What the task asks: Your answer should hold exactly the lines below from the line with "ตาราง 47.4 รายชื่อหมู่บ้านเสี่ยงภัยดินถล่มจังหวัดสระบุรี" through the line with "Aerial View Of", both included, and no pictures at all.

Records shown:
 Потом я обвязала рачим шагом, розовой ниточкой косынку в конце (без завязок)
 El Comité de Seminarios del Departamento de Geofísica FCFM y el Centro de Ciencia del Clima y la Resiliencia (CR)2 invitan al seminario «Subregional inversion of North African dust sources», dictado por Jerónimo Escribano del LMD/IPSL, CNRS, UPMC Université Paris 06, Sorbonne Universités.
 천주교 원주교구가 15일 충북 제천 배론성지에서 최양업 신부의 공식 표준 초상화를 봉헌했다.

---

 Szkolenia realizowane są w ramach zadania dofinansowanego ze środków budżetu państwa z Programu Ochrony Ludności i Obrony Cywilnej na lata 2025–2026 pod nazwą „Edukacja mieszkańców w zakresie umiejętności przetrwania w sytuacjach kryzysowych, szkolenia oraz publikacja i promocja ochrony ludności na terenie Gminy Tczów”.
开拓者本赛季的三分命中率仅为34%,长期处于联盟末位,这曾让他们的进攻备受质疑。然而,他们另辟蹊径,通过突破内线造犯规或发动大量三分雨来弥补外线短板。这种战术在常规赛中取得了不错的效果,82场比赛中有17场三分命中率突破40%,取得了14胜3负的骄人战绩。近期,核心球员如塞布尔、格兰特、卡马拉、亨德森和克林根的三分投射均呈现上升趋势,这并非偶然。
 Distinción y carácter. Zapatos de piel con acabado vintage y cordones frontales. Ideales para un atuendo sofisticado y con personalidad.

...

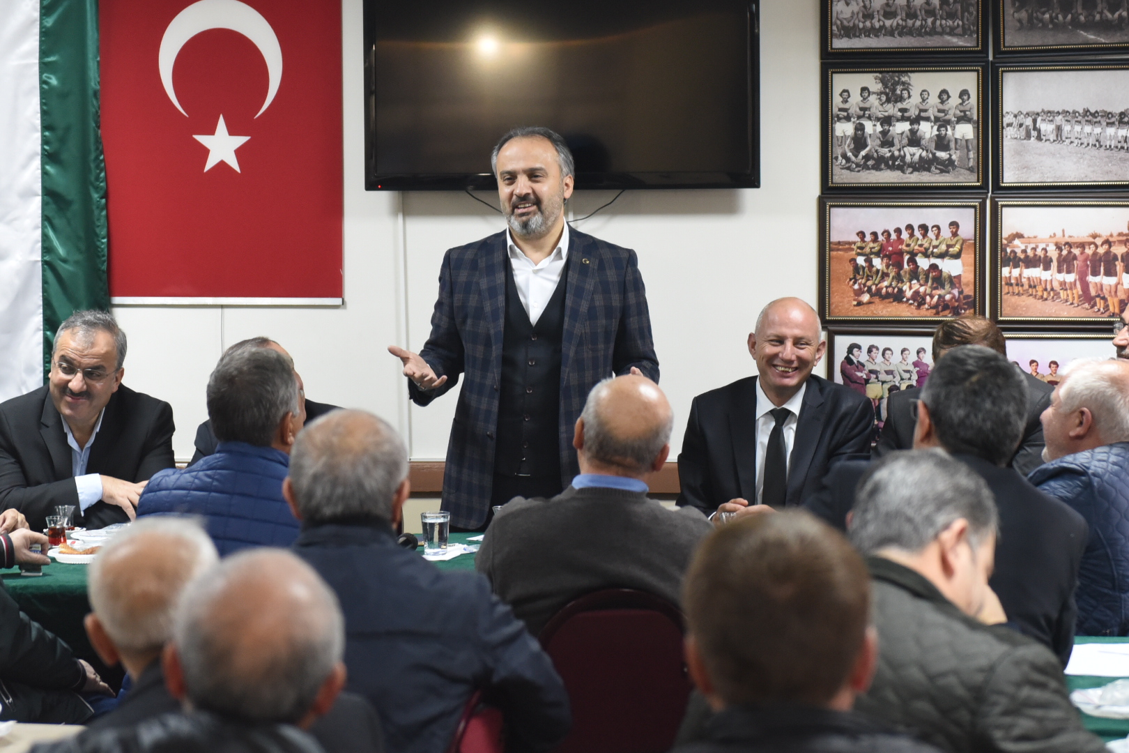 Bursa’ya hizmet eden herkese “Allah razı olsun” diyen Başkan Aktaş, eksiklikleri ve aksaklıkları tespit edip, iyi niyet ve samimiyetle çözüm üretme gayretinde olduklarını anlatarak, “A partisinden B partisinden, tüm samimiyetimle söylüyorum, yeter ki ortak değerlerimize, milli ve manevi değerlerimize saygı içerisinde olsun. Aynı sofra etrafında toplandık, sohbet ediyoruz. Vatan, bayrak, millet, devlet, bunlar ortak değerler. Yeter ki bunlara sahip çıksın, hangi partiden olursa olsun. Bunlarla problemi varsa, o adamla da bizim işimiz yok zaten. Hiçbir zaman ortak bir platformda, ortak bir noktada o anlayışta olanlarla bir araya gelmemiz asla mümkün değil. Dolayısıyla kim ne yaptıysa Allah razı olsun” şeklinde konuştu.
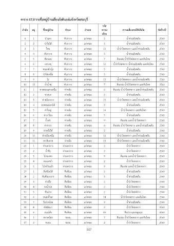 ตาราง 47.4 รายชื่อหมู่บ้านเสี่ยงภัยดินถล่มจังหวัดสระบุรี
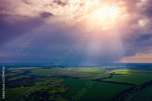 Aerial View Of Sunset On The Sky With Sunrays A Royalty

Result of this task:
 ตาราง 47.4 รายชื่อหมู่บ้านเสี่ยงภัยดินถล่มจังหวัดสระบุรี
 Aerial View Of Sunset On The Sky With Sunrays A Royalty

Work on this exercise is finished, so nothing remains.